▶ Task to complete
Using the listing below, copy exactly each line from the one that has "and eleuthero ginseng" through the one that has "Реалистично воспроизведенный автомобиль"; omit the pictures.

▶ Records for processing
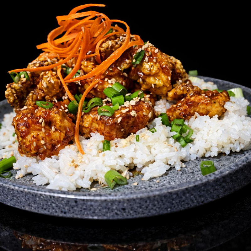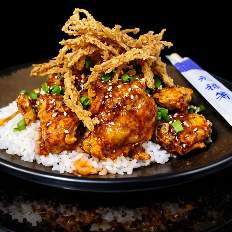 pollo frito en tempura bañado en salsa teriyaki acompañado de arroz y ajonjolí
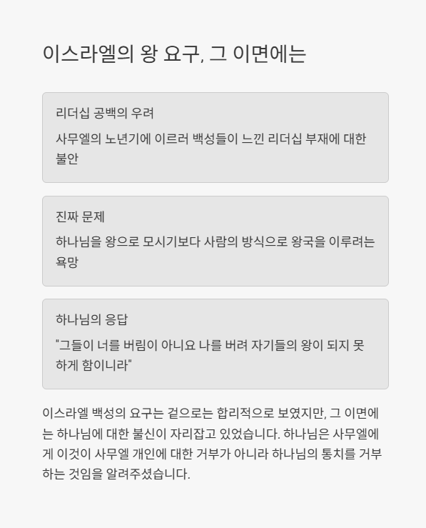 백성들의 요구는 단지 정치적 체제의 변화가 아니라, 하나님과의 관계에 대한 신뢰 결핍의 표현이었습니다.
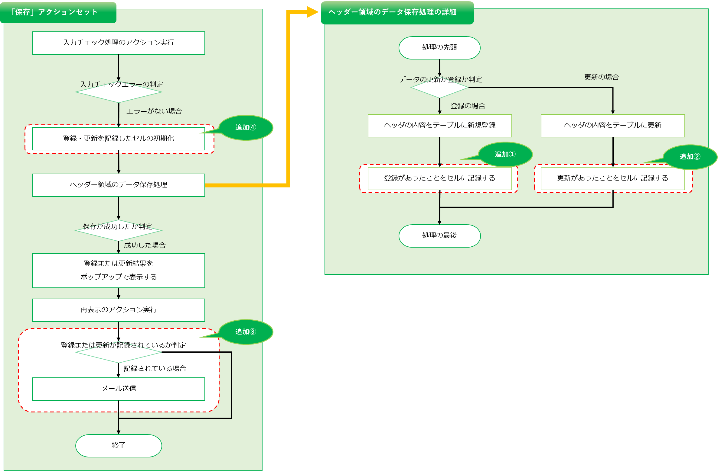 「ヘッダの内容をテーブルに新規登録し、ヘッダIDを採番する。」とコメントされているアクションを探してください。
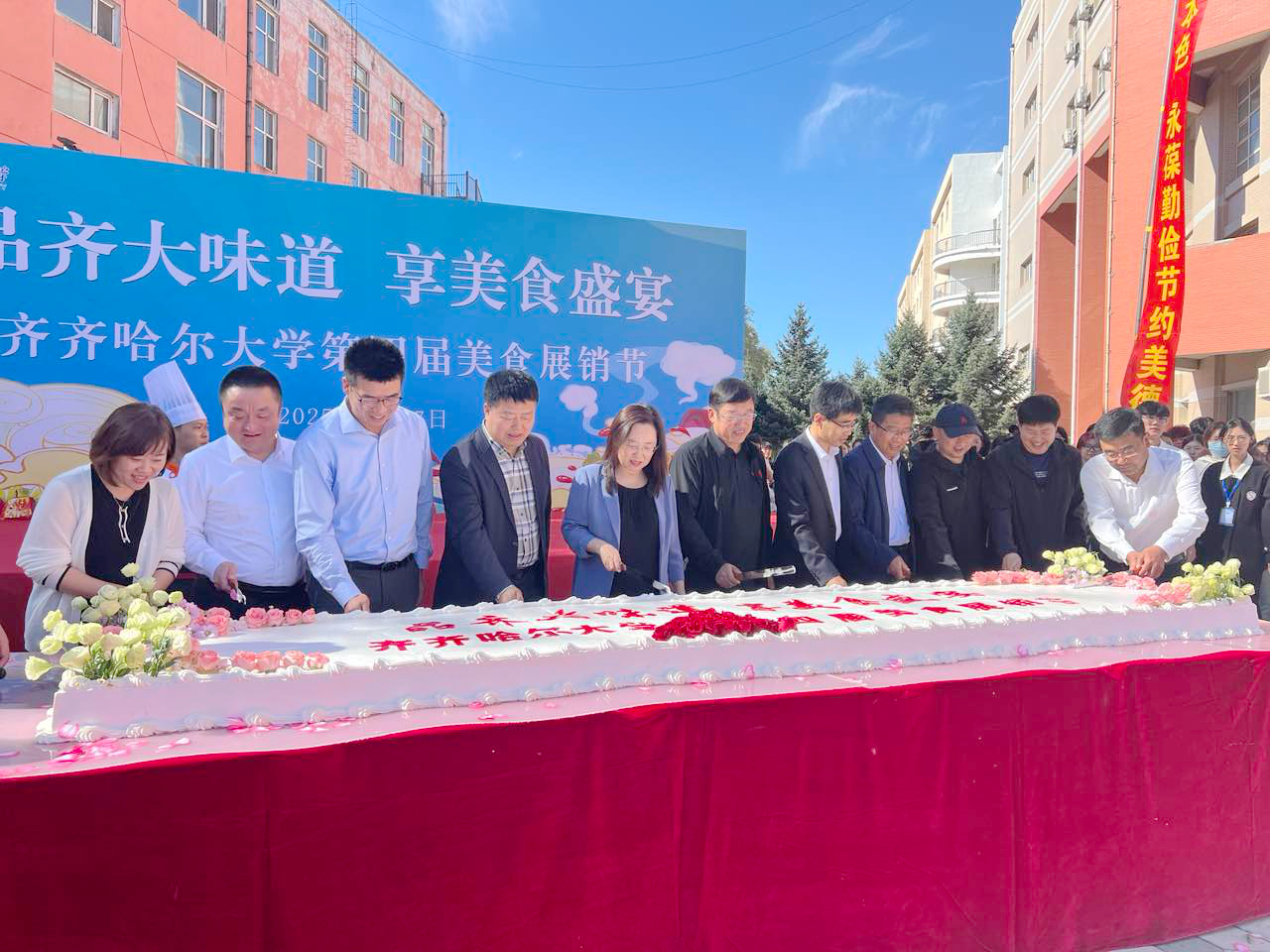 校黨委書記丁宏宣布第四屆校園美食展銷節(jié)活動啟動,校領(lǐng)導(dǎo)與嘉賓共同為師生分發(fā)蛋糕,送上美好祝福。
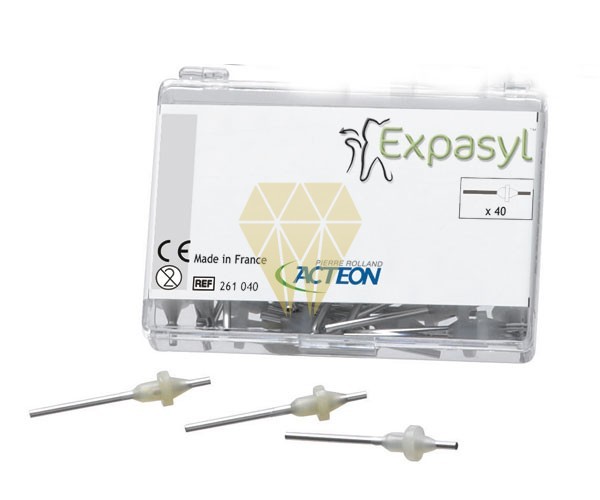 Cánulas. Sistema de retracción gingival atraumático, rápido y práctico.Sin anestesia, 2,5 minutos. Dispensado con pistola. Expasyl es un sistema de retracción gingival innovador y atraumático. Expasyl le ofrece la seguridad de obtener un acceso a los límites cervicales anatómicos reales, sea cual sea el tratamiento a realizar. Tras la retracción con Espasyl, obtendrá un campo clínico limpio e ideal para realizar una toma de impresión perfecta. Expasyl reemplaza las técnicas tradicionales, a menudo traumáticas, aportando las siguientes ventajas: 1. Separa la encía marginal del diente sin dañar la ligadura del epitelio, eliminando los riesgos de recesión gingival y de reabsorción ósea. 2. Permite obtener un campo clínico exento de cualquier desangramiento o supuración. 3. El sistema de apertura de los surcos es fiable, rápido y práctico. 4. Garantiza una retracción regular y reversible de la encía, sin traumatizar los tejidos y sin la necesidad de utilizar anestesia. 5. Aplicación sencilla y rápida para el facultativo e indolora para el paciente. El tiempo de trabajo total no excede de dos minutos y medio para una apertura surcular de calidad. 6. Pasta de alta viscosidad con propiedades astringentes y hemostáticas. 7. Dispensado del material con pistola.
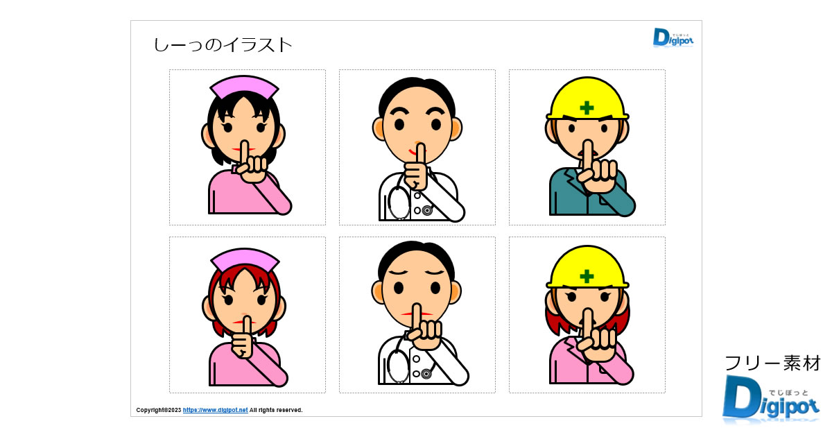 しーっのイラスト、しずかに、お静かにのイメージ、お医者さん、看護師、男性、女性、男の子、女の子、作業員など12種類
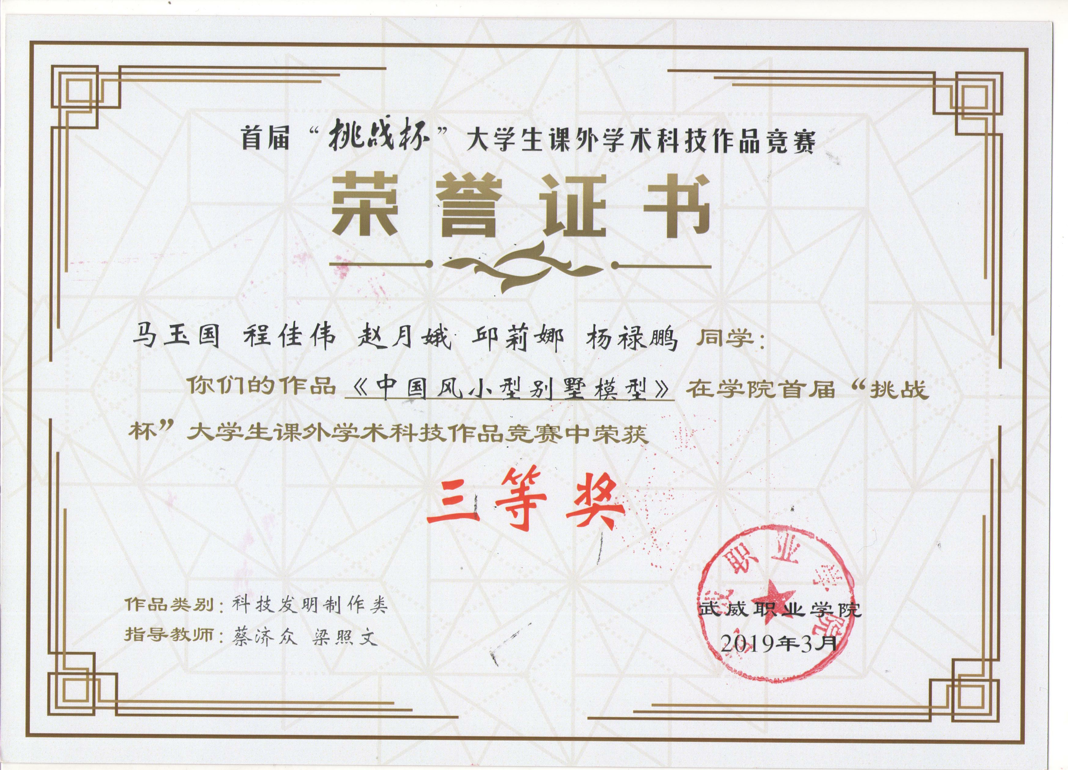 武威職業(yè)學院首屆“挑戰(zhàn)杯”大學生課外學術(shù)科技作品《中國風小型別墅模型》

---

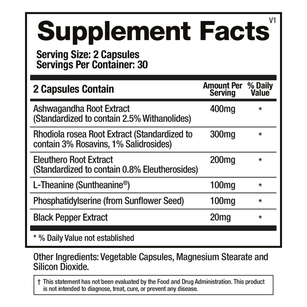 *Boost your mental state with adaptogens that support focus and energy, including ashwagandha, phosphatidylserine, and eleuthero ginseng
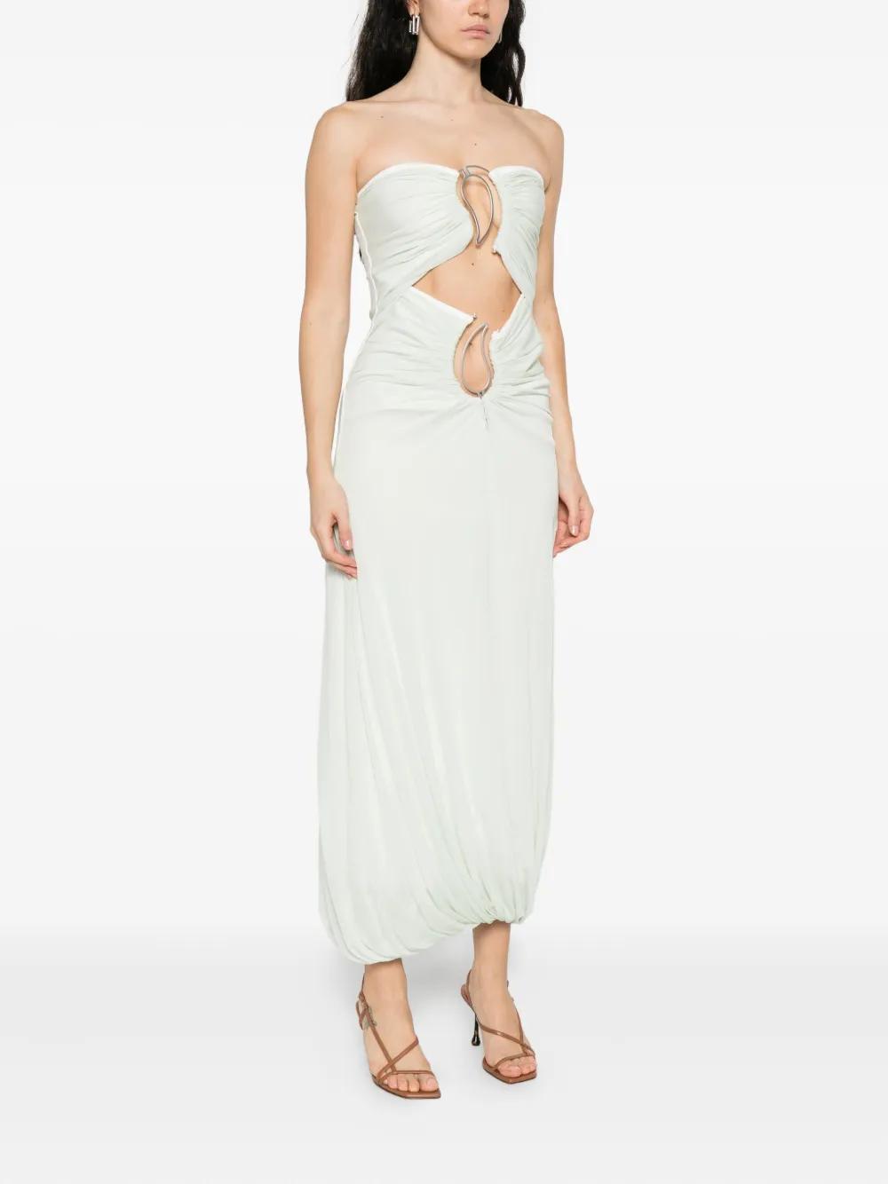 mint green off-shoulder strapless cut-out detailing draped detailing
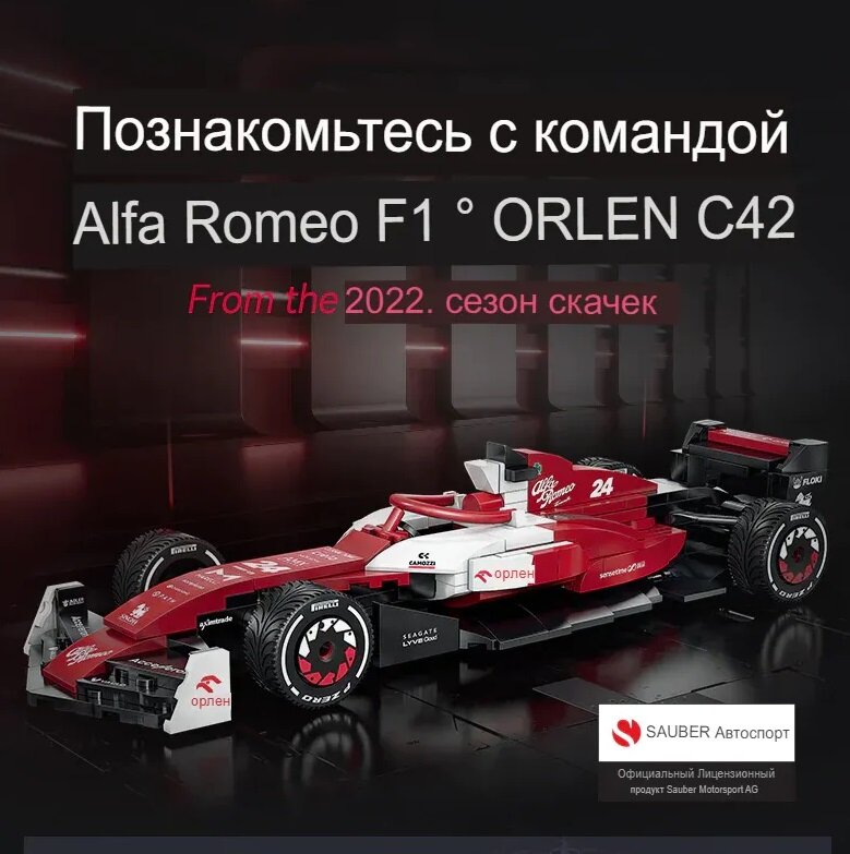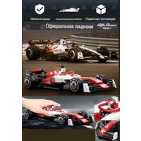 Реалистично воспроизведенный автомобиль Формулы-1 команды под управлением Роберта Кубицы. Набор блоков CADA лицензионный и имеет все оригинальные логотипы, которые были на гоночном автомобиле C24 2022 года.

▶ Response box
 *Boost your mental state with adaptogens that support focus and energy, including ashwagandha, phosphatidylserine, and eleuthero ginseng
 mint green off-shoulder strapless cut-out detailing draped detailing
 Реалистично воспроизведенный автомобиль Формулы-1 команды под управлением Роберта Кубицы. Набор блоков CADA лицензионный и имеет все оригинальные логотипы, которые были на гоночном автомобиле C24 2022 года.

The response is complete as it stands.